0

I have a dataframe data with numerical values in columns X and Y. The procedure that I'm trying to replicate in python code is as follows:

  • Assume that values in Y can be approximated as a function of values in X in the form of Y_i = a ln(X_i) + b, where a and b are some coefficients. Find these coefficients a and b.
  • Throw out / ignore values in column Y which deviate from this curve more than d units, i.e. if some Y_i is such that Y_i > a ln(X_i) + b + d or Y_i < a ln(X_i) + b - d then we ignore it.
  • Approximate the remaining data with a curve of the same form again and find new coefficients a and b.

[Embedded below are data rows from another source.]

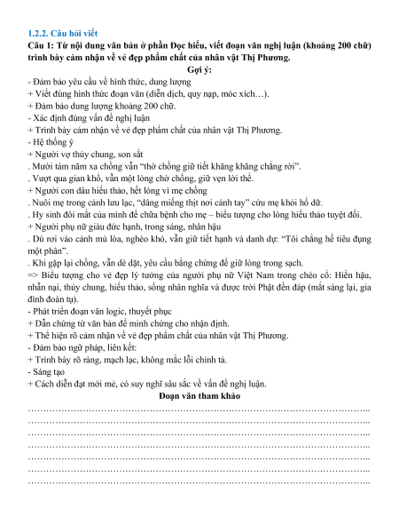 trình bày cảm nhận về vẻ đẹp phẩm chất của nhân vật Thị Phương. Gợi ý: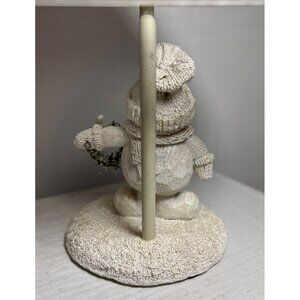 This snowman-themed table lamp adds a whimsical touch to any winter decor, featuring a snowflake-detailed shade and glitter accents for a festive ambiance.
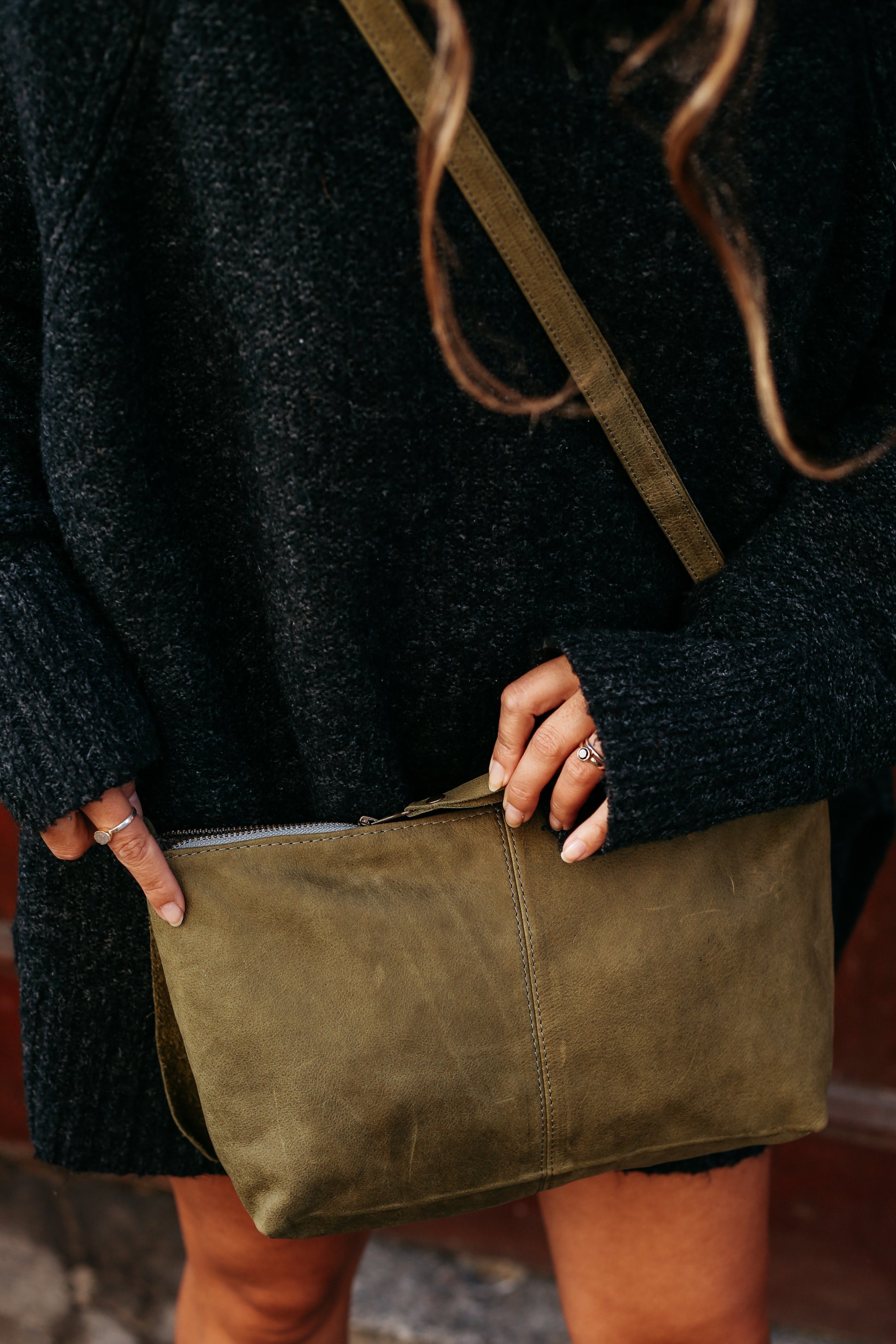 A zip closure on the main bag and on the back , internal zip pocket and sleeve pocket inside.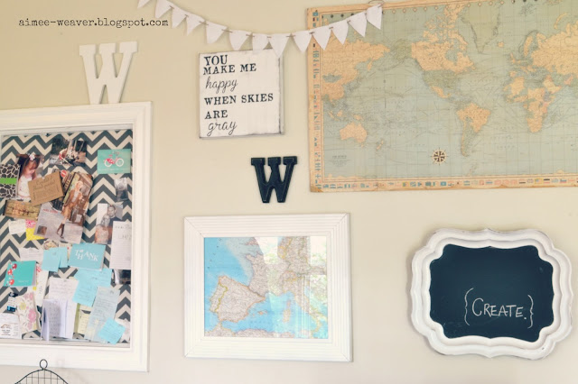 Я использовал случайные вещи, чтобы украсить это место - старую карту расположены вдоль стороны дороги в мусорном баке, старый синий Мейсон банки, старые кадры, антикварный вентилятор. Все затраты очень мало или были свободны.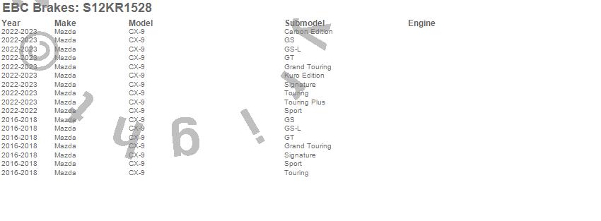 Below is an abbreviated list of applications for the S12 Kits Redstuff and RK Rotors.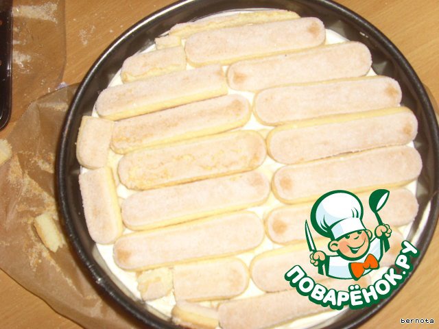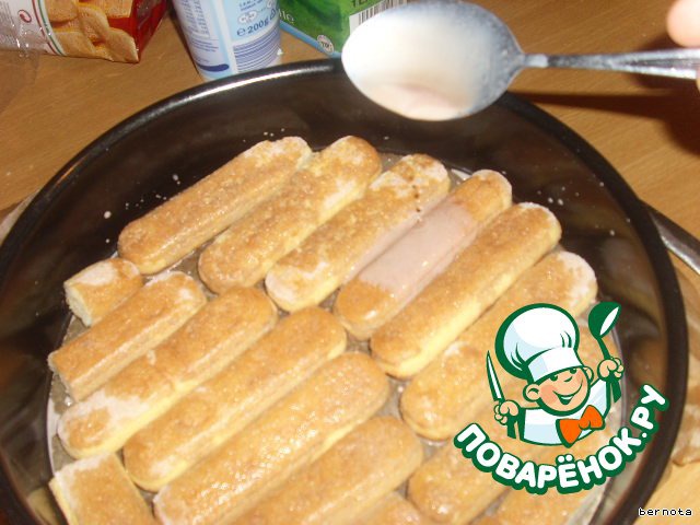 Затем ещё слой бисквитных печенюшек, поливаем какао-молочным напитком и покрываем оставшимся кремом.

So far I have something like that

import pandas as pd
import numpy as np
from scipy.optimize import curve_fit

data = pd.read_excel("filename.xlsm")

def func(s, a, b):
    return a * np.log(s) + b

popt, pcov = curve_fit(func, data['X'], data['Y'])
a, b = popt

This answer says that iterating over rows should be avoided when possible so what would be the right way to perform the given procedure? Can anyone show me the right code?

Tarik
  • 10,810
  • 2
  • 26
  • 40
Hasek
  • 209
  • 1
  • 5
  • 13
  • You can add a column to the data frame with the calculated error. You can the filter the data frame if error threshold is exceeded. Side note: with a language such as Julia, you would not have to worry about performance when iteration. – Tarik Jul 29 '21 at 05:23

1 Answers1

1

You literally translate the formula into Python and then keep the rows that meet the condition:

mask = np.abs(a * np.log(data['X']) + b - data['Y']) < d
new_data = data[mask]
DYZ
  • 55,249
  • 10
  • 64
  • 93